[Given data — start]
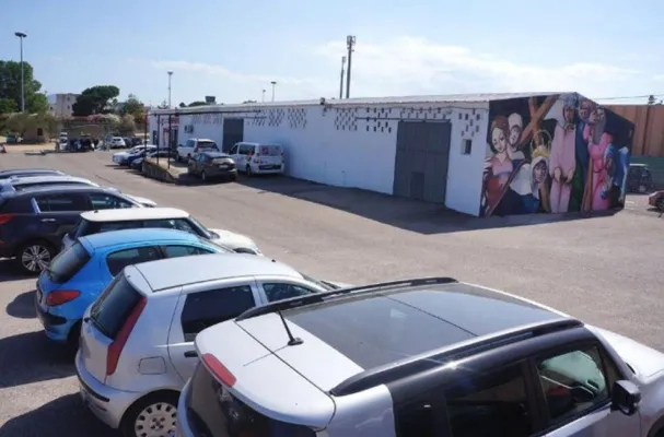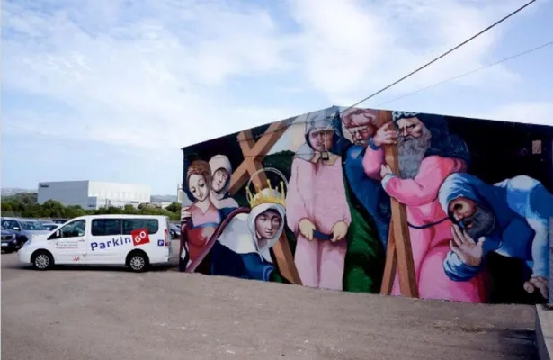 Riproduzione di un particolare del dipinto cinquecentesco "Il ritrovamento della Vera Croce" dell'artista sardo conosciuto come il Maestro di Ozieri. Il muro dipinto si trova al parcheggio ParkinGo dell'aeroporto di Olbia.
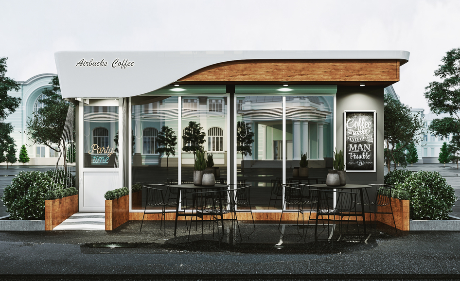 По дизайну есть интересные моменты. Но низя так вывеску главную принижать размером))) Входная группа классно выделена вазонами, правда, людям там сложно будет разойтись. От лужи хорошо бы избавиться деревянным настилом при реализации)
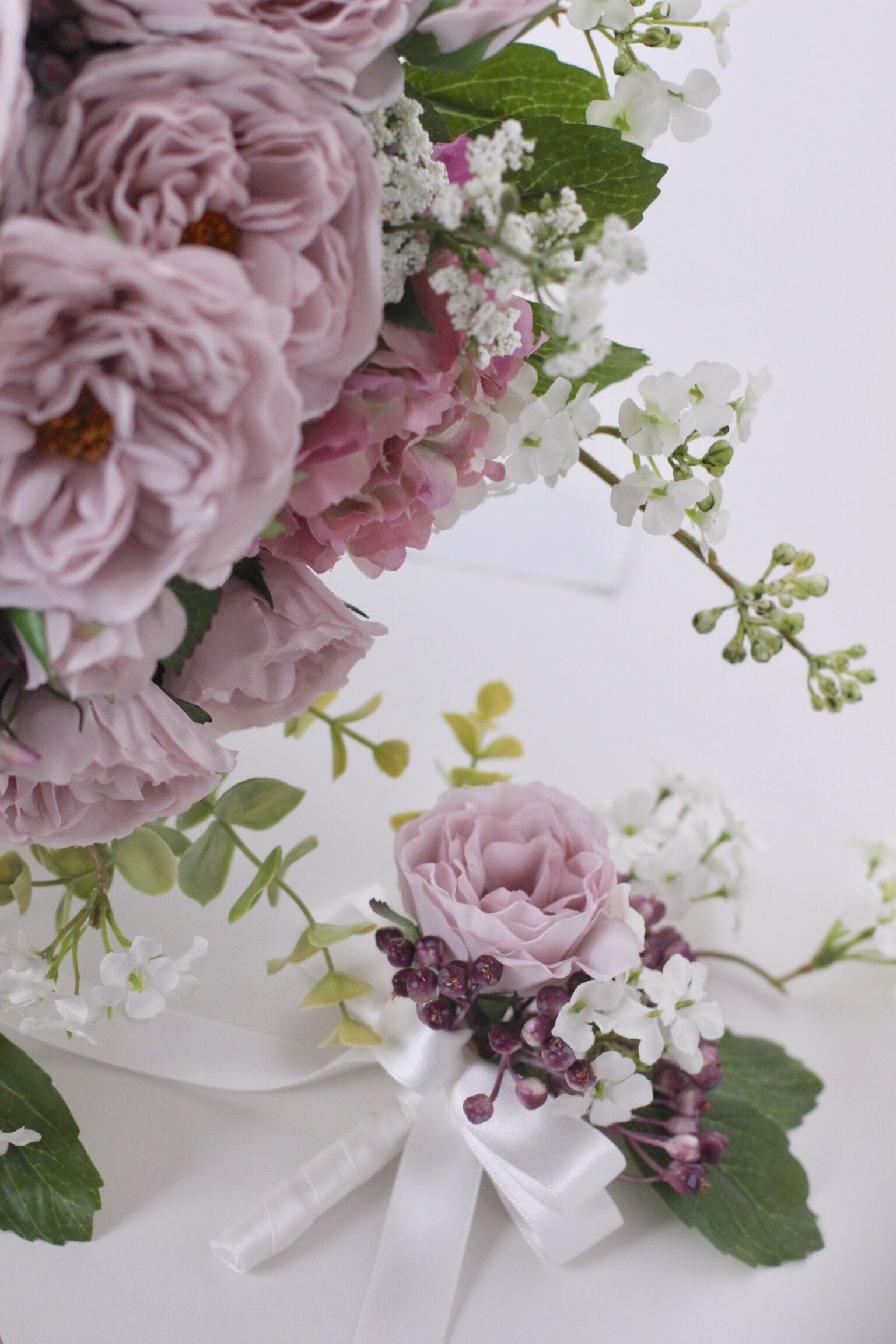 ピンクのバラのナチュラルクラッチブーケ ブートニア付き
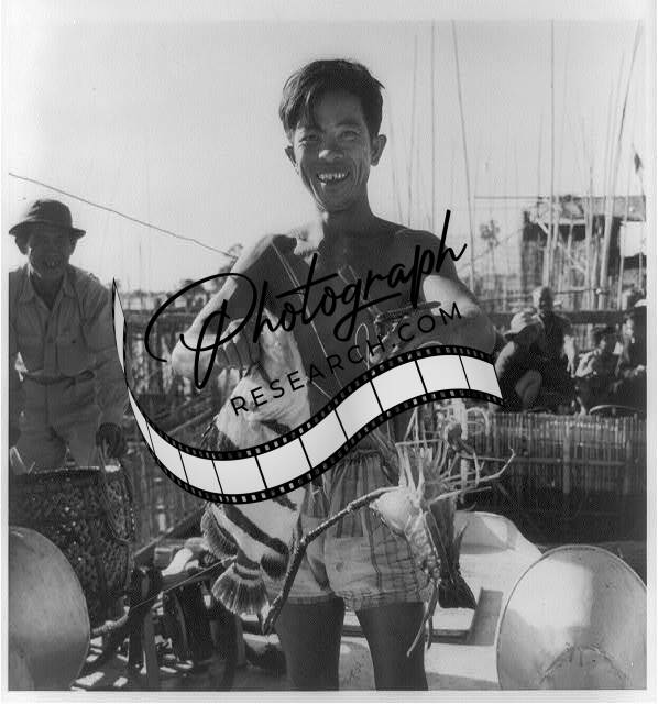 Small fishing village,boat,Tonlé Sap,Lake,basin,lower Mekong River,Cambodia,1958
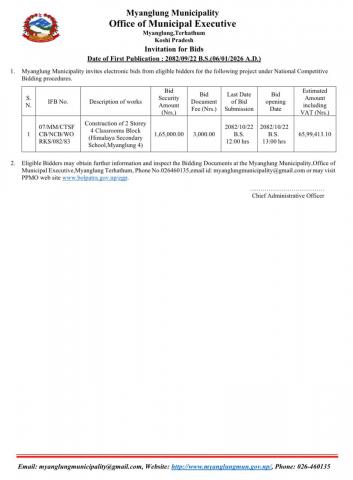 Inivitation for Bids (Construction of 2 Storey 4 Classrooms Block (Himalaya Secondary School,Myanglung 4) , IFB No : 07/MM/CTSFCB/NCB/WORKS/082/83 , Date of First Publication : 2082/09/22 B.S.)
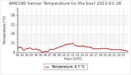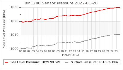 Experimental atmospheric pressure measurement with a simple sensor: BOSCH BME280The instrument is in the data collection box of the CR10X, the temperature and humidity do not reflect the real air conditions, because the box is in the sun and is not properly ventilated for these measurements.
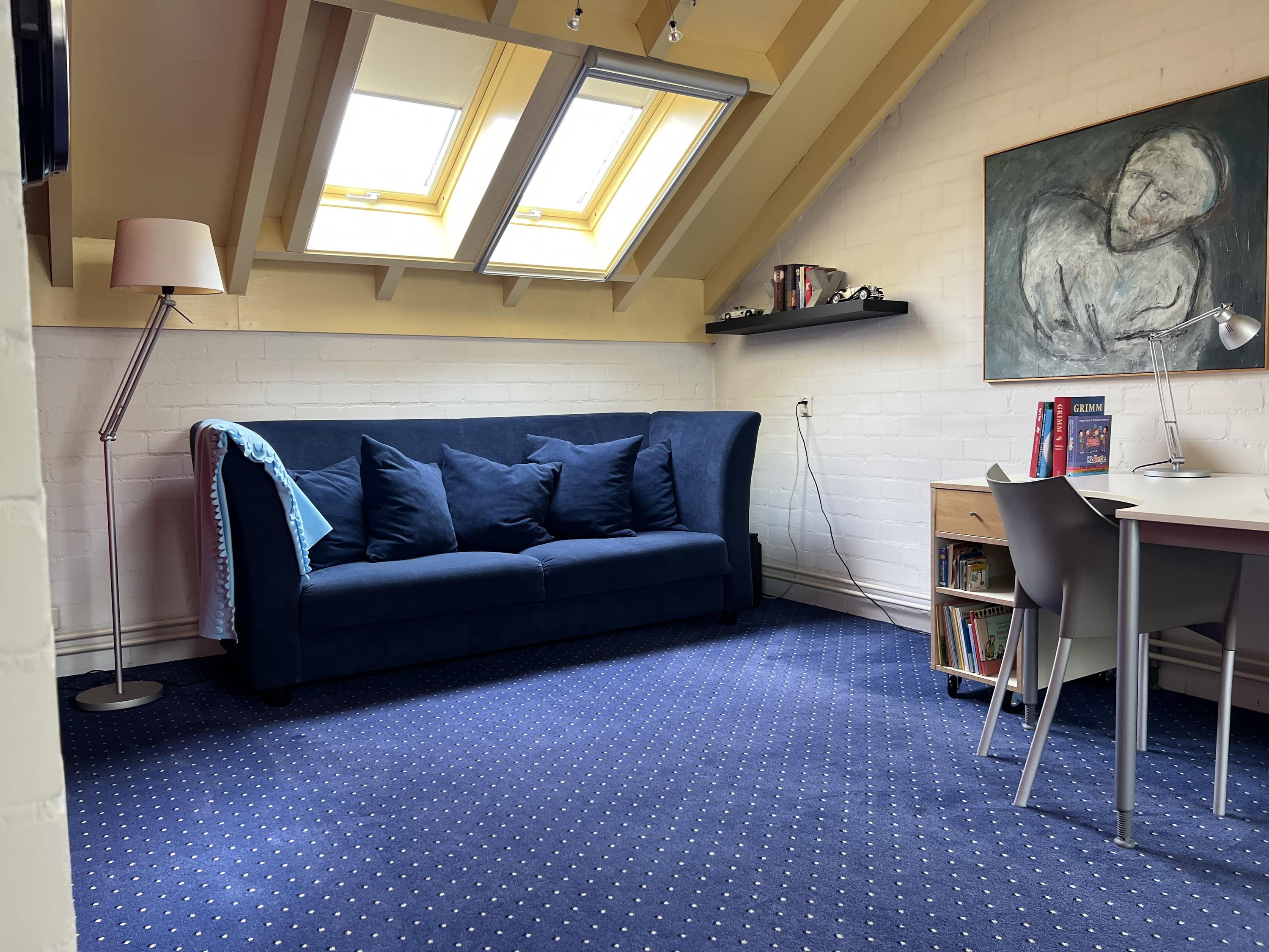 Large landing with plenty of storage space, a Velux skylight, and access to 2 bedrooms and the technical room.
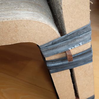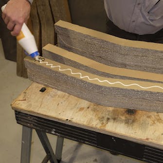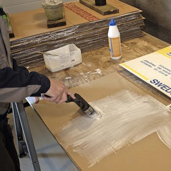 Smør lim på papplatene, og lim dem sammen. Lim sammen så mange biter at pappen til slutt blir cirka 7 cm tykk. Påfør limet med en bred pensel og ta en plate av gangen. Hvis limet er for tykt, kan du fortynne det med cirka 5 prosent vann. Til slutt legger du noe tungt over pappen og lar den tørke i 3-4 dager.
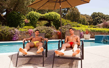 Next Door Studios: Nice american boys tough guy Tyler Torro and muscular Dominic Reed in hot homosexual action at the pool
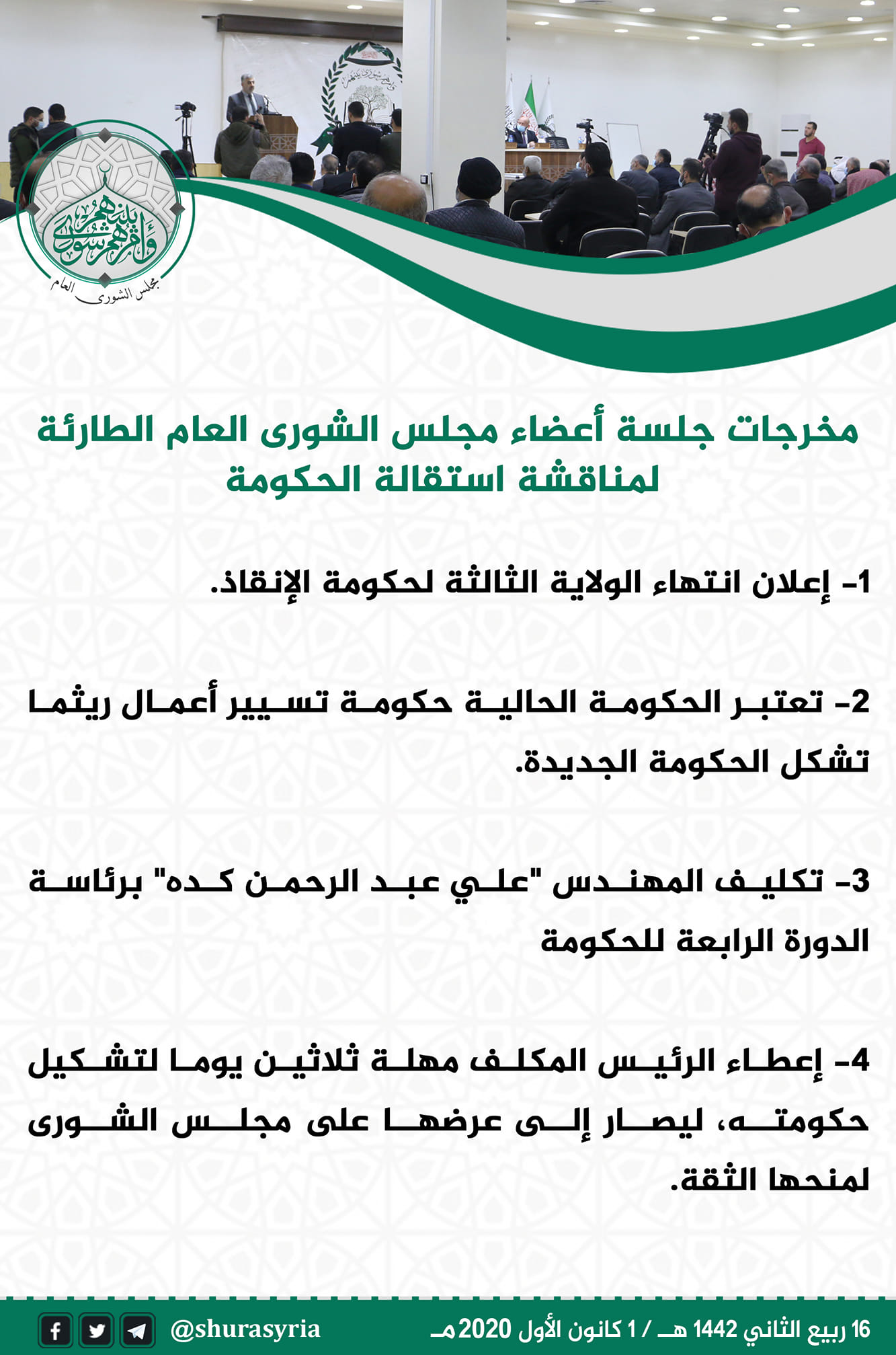 مخرجات الجلسة جلسة أعضاء مجلس الشورى العام الطارئة لمناقشة استقالة الحكومة
[Given data — finish]
## What is required
Starting with the first line of the data above, write out each line exactly up to and including the line that holds "По дизайну есть". Pictures stay out.

## Response to this task
 Riproduzione di un particolare del dipinto cinquecentesco "Il ritrovamento della Vera Croce" dell'artista sardo conosciuto come il Maestro di Ozieri. Il muro dipinto si trova al parcheggio ParkinGo dell'aeroporto di Olbia.
 По дизайну есть интересные моменты. Но низя так вывеску главную принижать размером))) Входная группа классно выделена вазонами, правда, людям там сложно будет разойтись. От лужи хорошо бы избавиться деревянным настилом при реализации)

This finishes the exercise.